Task =>
The answer must be the full data, restated word for word, with no pictures in it.

Information provided =>
========

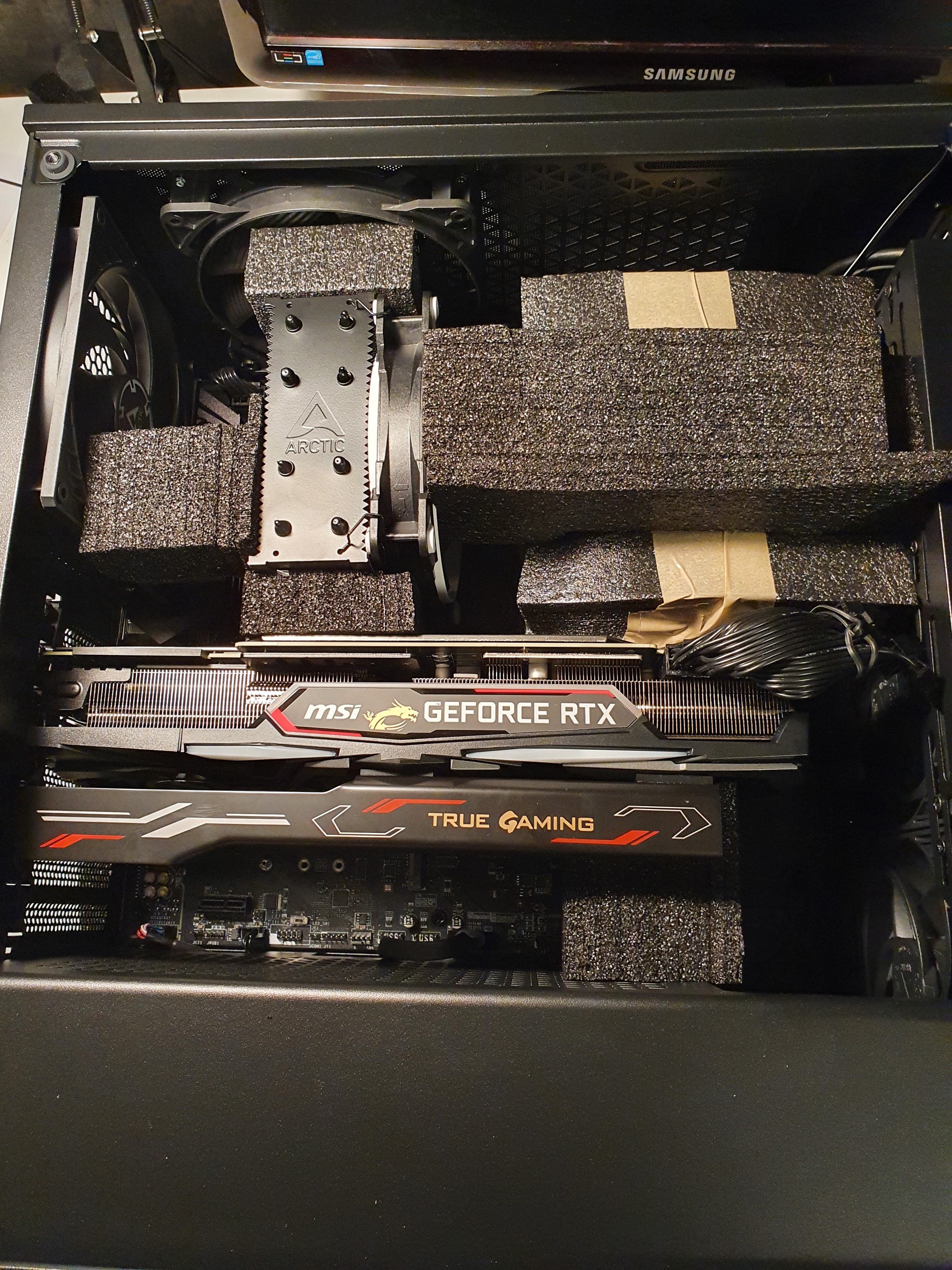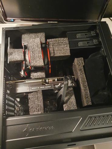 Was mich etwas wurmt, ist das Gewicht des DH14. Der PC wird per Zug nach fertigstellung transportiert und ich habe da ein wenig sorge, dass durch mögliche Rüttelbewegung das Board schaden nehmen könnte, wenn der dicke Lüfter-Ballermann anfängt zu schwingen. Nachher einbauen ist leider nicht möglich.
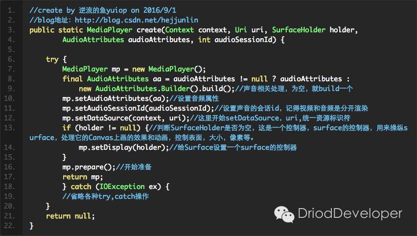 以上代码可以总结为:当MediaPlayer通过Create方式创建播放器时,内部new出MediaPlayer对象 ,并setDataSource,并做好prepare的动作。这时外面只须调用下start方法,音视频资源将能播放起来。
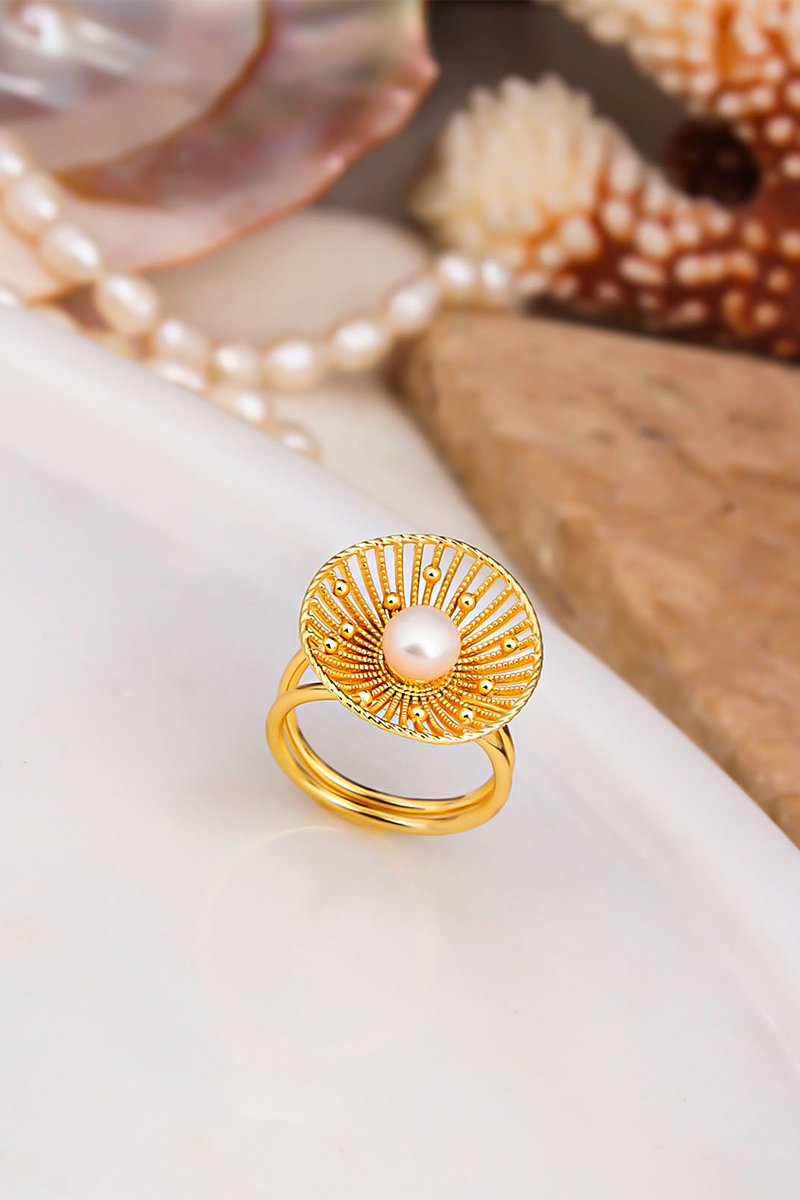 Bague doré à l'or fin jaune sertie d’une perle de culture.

========

Task output =>
 Was mich etwas wurmt, ist das Gewicht des DH14. Der PC wird per Zug nach fertigstellung transportiert und ich habe da ein wenig sorge, dass durch mögliche Rüttelbewegung das Board schaden nehmen könnte, wenn der dicke Lüfter-Ballermann anfängt zu schwingen. Nachher einbauen ist leider nicht möglich.
 以上代码可以总结为:当MediaPlayer通过Create方式创建播放器时,内部new出MediaPlayer对象 ,并setDataSource,并做好prepare的动作。这时外面只须调用下start方法,音视频资源将能播放起来。
 Bague doré à l'or fin jaune sertie d’une perle de culture.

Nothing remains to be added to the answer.